● **TASK TO CARRY OUT**
Could you copy exactly the lines from the start of the records through the one containing "Jeff carefully cleaned", both included, and leave out the pictures?

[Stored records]
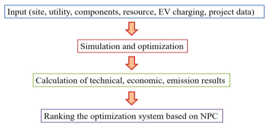 In this paper, the PV-powered EV charging station is designed and optimized by using HOMER Grid software of HOMER Energy LLC microgrid simulation program company [35]. HOMER Grid supports the grid-connected renewable power system with suitable algorithms for optimizing solar, wind, storage, and minimize the overall energy costs. Moreover, HOMER Grid can also model the electric vehicle (EV) charging station combined with clean power sources such as PV, wind energy, and the utility grid. Thus, this program can help users design optimal renewable energy and storage systems to decrease utility costs and demand charges of EV charging.
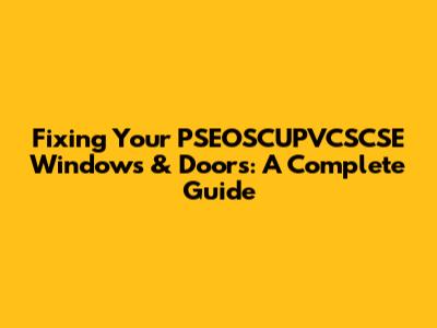 Fixing Your PSEOSCUPVCSCSE Windows & Doors: A Complete Guide
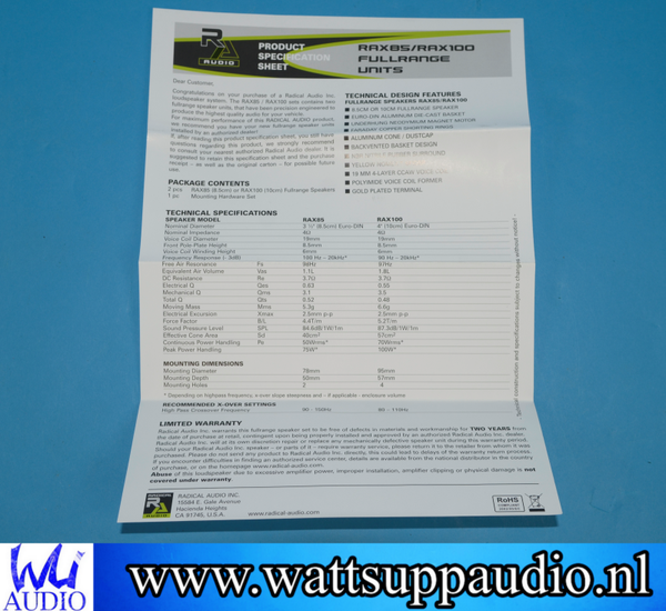 Radical Audio RAX85 Fullrange speakers 85mm
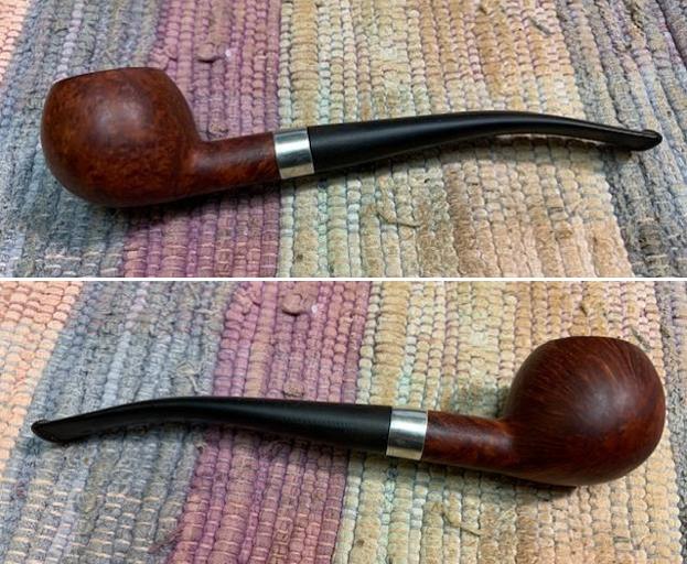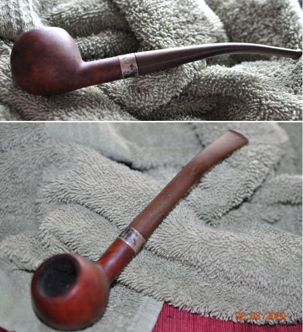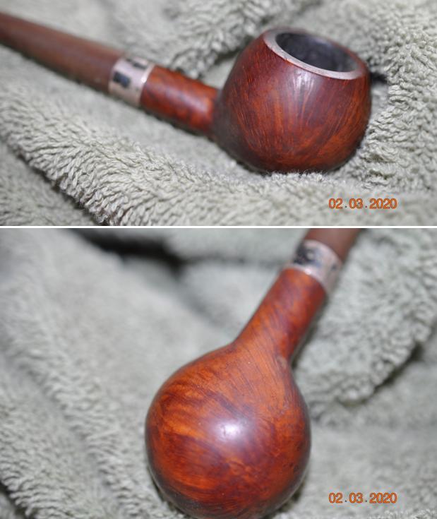 Jeff carefully cleaned the pipe. He reamed it with a PipNet pipe reamer and then cleaned up the reaming with a Savinelli Fitsall Pipe Knife. He scrubbed out the internals of the shank, stem and shank extension with alcohol, pipe cleaners and cotton swabs until the pipe was clean. He scrubbed the exterior of the bowl with Murphy’s Oil Soap and a tooth brush to remove the grime and grit on the briar and lava on the rim top. The finish looks much better and has a deep richness in the colour that highlights grain of the briar. The rim top looked good with some darkening on the top and damage to the back outer edge of the bowl. He soaked the stem in Briarville’s Pipe Stem Deoxidizer and scrubbed it with Soft Scrub to remove the remnants of oxidation. He also cleaned and polished the silver band til it glowed. When the pipe arrived here in Vancouver I was amazed it looked so good. Here are some photos of what I saw.
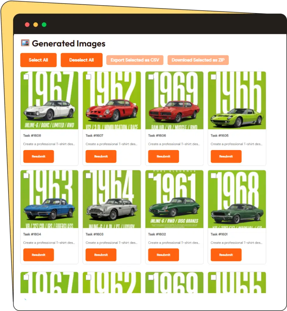 Once processing is complete, you can download all images at once as a ZIP file. You can also download a CSV file that includes the generated image URLs mapped back to your original data (SKUs/IDs).
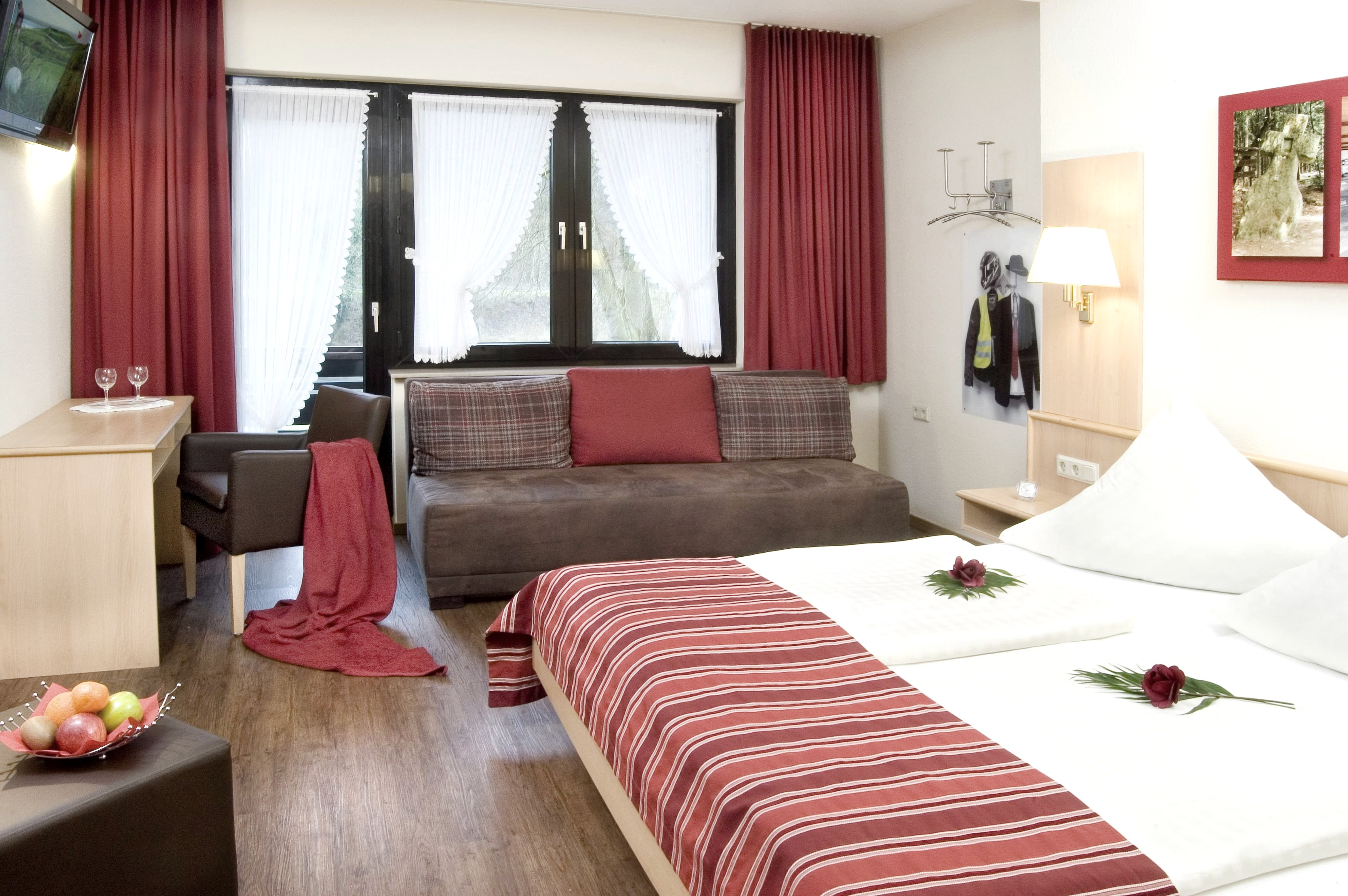 Welcome to Hotel Hauer in Bollendorf in the Eifel. The 3 star hotel is located next to the border to Luxembourg. You will look forward to a familiar managed, comfortable hotel with friendly service. FRIENDLINESS WITH TRADITION We offer our guests a familiy managed home for the best days of the year. With Katharina Hauer there is the fifth generation at work. The hotel is in family hands for more than 100 years. Modern 3 star comfort with all the advantages. Discover our hotel… THE BEST FROM THE REGIONAL KITCHEN We offer the best from the regional kitchen with a great mixture of tradition and modern creativity. Our homemade liquors, honey and the self-made smoked ham. Discover our restaurant…
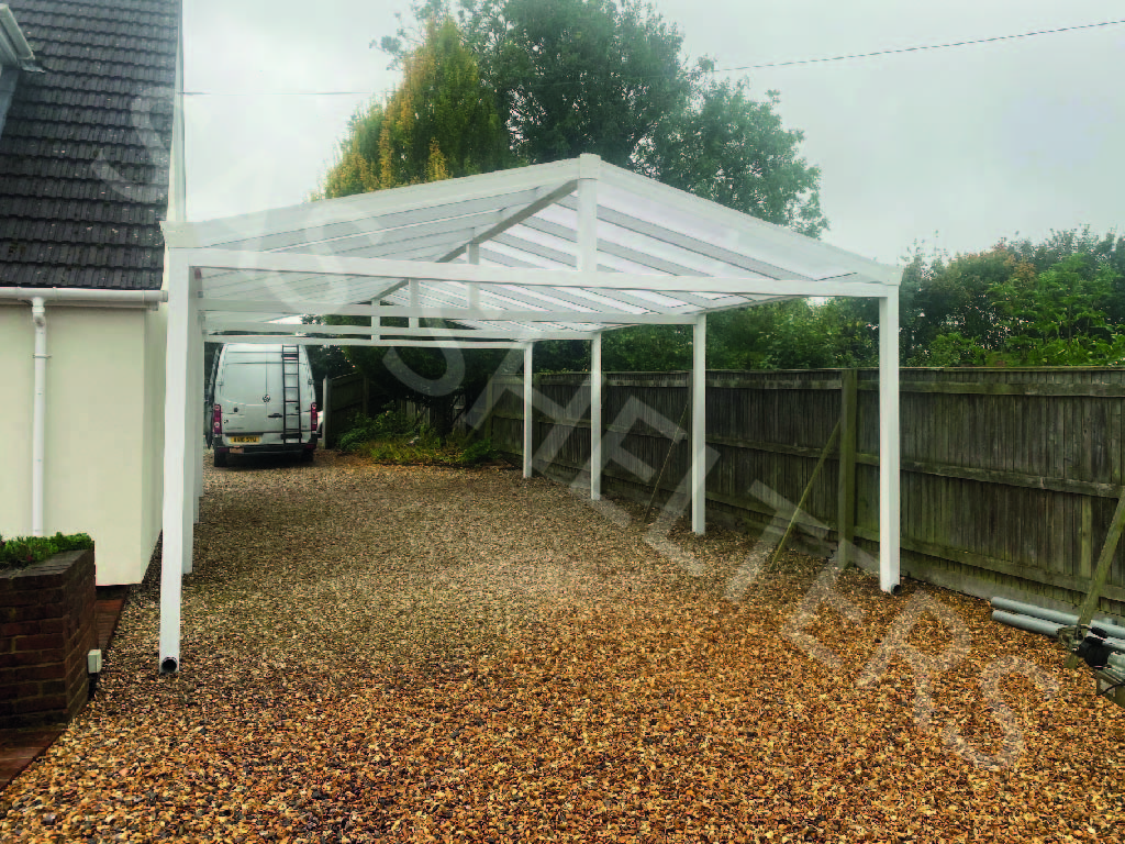 Our gable roof carport also has an Integral gutter with the option of glass or polycarbonate.

● **SOLUTION BELOW**
 In this paper, the PV-powered EV charging station is designed and optimized by using HOMER Grid software of HOMER Energy LLC microgrid simulation program company [35]. HOMER Grid supports the grid-connected renewable power system with suitable algorithms for optimizing solar, wind, storage, and minimize the overall energy costs. Moreover, HOMER Grid can also model the electric vehicle (EV) charging station combined with clean power sources such as PV, wind energy, and the utility grid. Thus, this program can help users design optimal renewable energy and storage systems to decrease utility costs and demand charges of EV charging.
 Fixing Your PSEOSCUPVCSCSE Windows & Doors: A Complete Guide
 Radical Audio RAX85 Fullrange speakers 85mm
 Jeff carefully cleaned the pipe. He reamed it with a PipNet pipe reamer and then cleaned up the reaming with a Savinelli Fitsall Pipe Knife. He scrubbed out the internals of the shank, stem and shank extension with alcohol, pipe cleaners and cotton swabs until the pipe was clean. He scrubbed the exterior of the bowl with Murphy’s Oil Soap and a tooth brush to remove the grime and grit on the briar and lava on the rim top. The finish looks much better and has a deep richness in the colour that highlights grain of the briar. The rim top looked good with some darkening on the top and damage to the back outer edge of the bowl. He soaked the stem in Briarville’s Pipe Stem Deoxidizer and scrubbed it with Soft Scrub to remove the remnants of oxidation. He also cleaned and polished the silver band til it glowed. When the pipe arrived here in Vancouver I was amazed it looked so good. Here are some photos of what I saw.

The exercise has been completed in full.